EXERCISE DETAILS: Whenever an image turns up, omit it and return the remaining data exactly.

THE DATA:

((

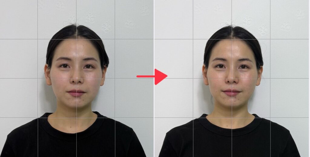 撮影前後を比較すると、「フェイスラインの引き締まり」がはっきりと確認できます。
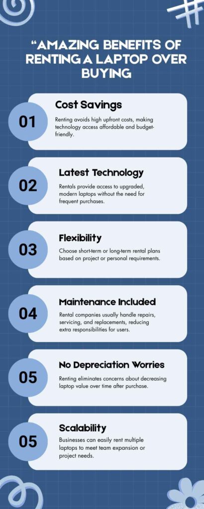 One of the biggest benefits of renting a laptop is cost savings. Buying a high-end laptop can be expensive, especially for students or startups. Rentals allow you to access powerful devices without breaking the bank.
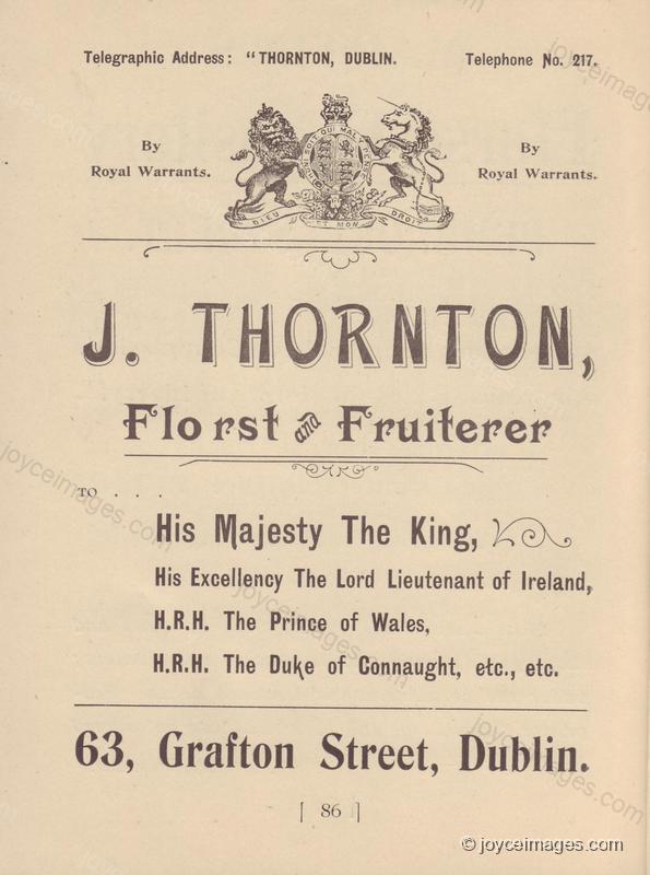 An ad for Thornton in a tourist pamphlet from 1902. We get the store's phone number 217; nowadays Dublin phone numbers have 7 digits.
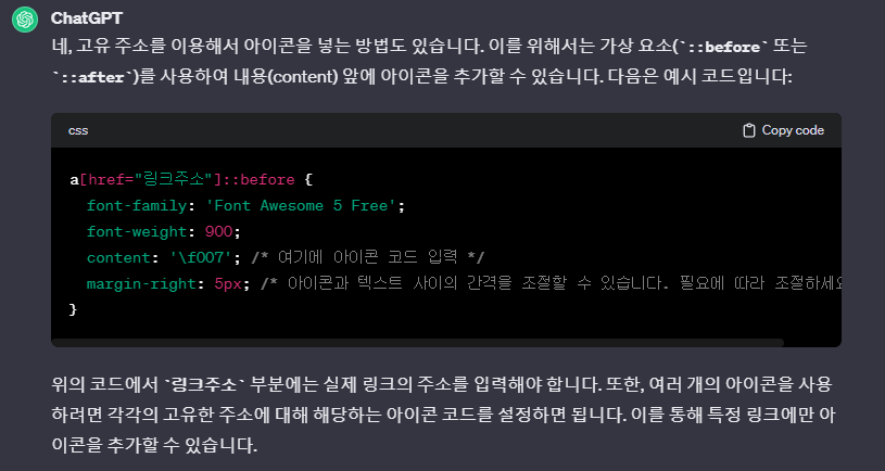 특별한건 없지만 그래도 그냥 예전부터 꼭 해보고 싶었던거라 틈만 나면 구글링을 하고 있었지만 저같은 초보가 감히 시도하기엔 너무 어려운듯 하여 포기하고 있었던 카테고리에 아이콘 넣기. 이런 저런 방법들을 다 사용해보다가 이가 없으면 잇몸으로 하자는 생각으로 고유주소를 이용하면 어떨까 싶어서 ChatGPT 를 통해 CSS 코드를 얻어 보았습니다.

))

ANSWER SECTION:
 撮影前後を比較すると、「フェイスラインの引き締まり」がはっきりと確認できます。
 One of the biggest benefits of renting a laptop is cost savings. Buying a high-end laptop can be expensive, especially for students or startups. Rentals allow you to access powerful devices without breaking the bank.
 An ad for Thornton in a tourist pamphlet from 1902. We get the store's phone number 217; nowadays Dublin phone numbers have 7 digits.
 특별한건 없지만 그래도 그냥 예전부터 꼭 해보고 싶었던거라 틈만 나면 구글링을 하고 있었지만 저같은 초보가 감히 시도하기엔 너무 어려운듯 하여 포기하고 있었던 카테고리에 아이콘 넣기. 이런 저런 방법들을 다 사용해보다가 이가 없으면 잇몸으로 하자는 생각으로 고유주소를 이용하면 어떨까 싶어서 ChatGPT 를 통해 CSS 코드를 얻어 보았습니다.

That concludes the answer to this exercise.